■ Instructions for the task:
In the data below, begin at the line with "有人放弃金秋长假的外地旅行,有人专程从外" and stop after the line with "比尔·盖茨创办的泰拉能源完成"; output those lines exactly and no pictures.

■ The data:
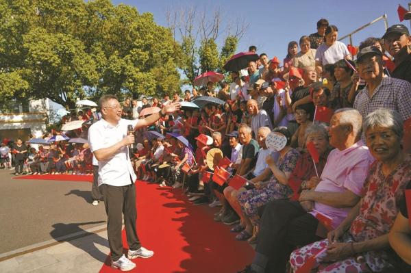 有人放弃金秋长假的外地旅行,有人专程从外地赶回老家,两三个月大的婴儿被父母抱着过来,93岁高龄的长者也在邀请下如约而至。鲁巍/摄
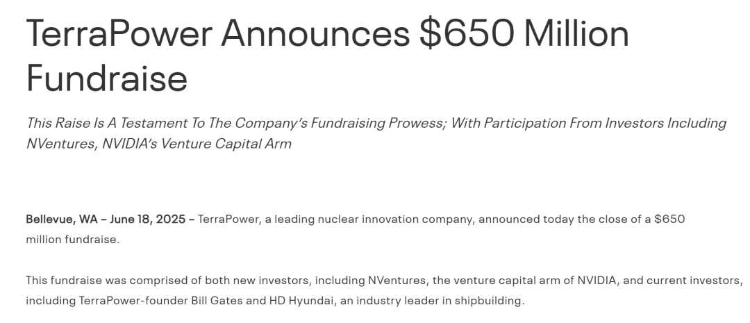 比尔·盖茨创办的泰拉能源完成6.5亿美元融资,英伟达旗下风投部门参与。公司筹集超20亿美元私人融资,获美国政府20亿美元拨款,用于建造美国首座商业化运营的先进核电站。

--

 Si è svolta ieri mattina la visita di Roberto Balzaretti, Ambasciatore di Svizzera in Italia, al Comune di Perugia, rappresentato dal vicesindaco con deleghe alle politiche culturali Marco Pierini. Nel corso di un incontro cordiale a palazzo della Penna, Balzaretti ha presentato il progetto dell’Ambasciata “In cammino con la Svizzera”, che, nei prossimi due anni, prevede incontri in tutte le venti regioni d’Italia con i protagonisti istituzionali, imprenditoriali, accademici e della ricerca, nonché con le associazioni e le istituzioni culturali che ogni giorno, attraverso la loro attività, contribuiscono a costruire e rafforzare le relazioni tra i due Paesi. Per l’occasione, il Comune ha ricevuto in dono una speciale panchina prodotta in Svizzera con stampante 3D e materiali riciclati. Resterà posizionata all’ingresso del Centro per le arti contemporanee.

--

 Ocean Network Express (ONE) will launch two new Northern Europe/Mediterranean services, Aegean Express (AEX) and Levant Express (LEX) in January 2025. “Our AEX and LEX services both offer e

■ Written reply:
 有人放弃金秋长假的外地旅行,有人专程从外地赶回老家,两三个月大的婴儿被父母抱着过来,93岁高龄的长者也在邀请下如约而至。鲁巍/摄
 比尔·盖茨创办的泰拉能源完成6.5亿美元融资,英伟达旗下风投部门参与。公司筹集超20亿美元私人融资,获美国政府20亿美元拨款,用于建造美国首座商业化运营的先进核电站。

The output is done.